The ideas expressed by Lelyveld in the Pershing Square narrative are indicative of a life lived in the vibrant past because of a historical asset that has now since become devoid of the emotional feeling it once sparked within others. For example, the “America’s Sweetheart” description that eloquently is used to describe the park has become the forlorn depiction of what was once the truth about a place that bore the fruit of NYC and entertained many by dazzling inhabitants with dark shady trees and many park benches.
The fact the park is viewed upon as an eyesore spectacle induces the vision of a Pershing Square that is not only way past its prime, but a park that is now the antithesis of what a park is supposed to be, an area for rest and relaxation. Although the responses by the patrons of the park that call for another renovation is indicative of the current level of pessimism surrounding the park but the level of ambition behind creating anew for those who seek refuge from a bustling city must be more empowering to make the dream a reality.

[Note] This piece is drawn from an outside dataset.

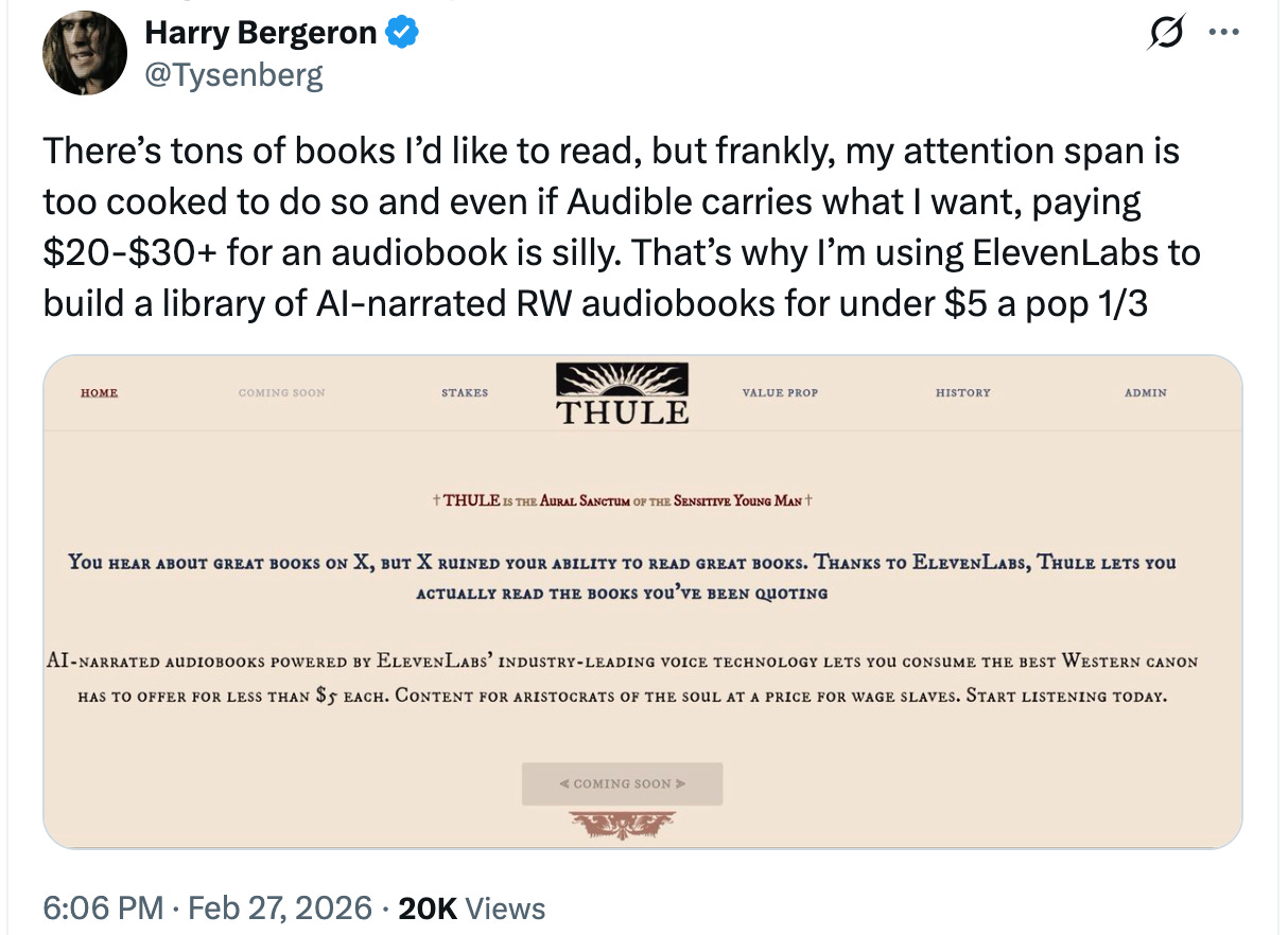 It is trivial to make the obvious critique here but I’ll do it anyway. If your attention span is too cooked to read the books what makes you think you’ll do better listening to them?

The idea of patrons wanting a real park to visit and to have a good time at is ostensibly the same vision desired by the author. The idea for renovating the park into a more inhabitable residence is important to everyone. The previous renovation left much to be desired since the renovation did more to detract from the park than add to it. Without the proper scope of vision to create the proper landscape that will be of desire to park goers, Pershing Square is indirectly depicted to become a ghost park that will inhabit less people year after year until it’s a sun-drenched yet gloomy barrier blocked vacant space in the city.
The thought of the park going abandoned and falling into disarray is the beckoning call to drive the lovers of the park to do more to save and renovate the park. By exhibiting desire for renovation, the park can perhaps relive some of its glory days. However, the notion that such renovation is merely a trend and the attentiveness of patrons to want to attend the park is likely a fleeting desire that will one day become, regardless of what renovations occur, as empty and lifeless as the park is described by the author and patrons.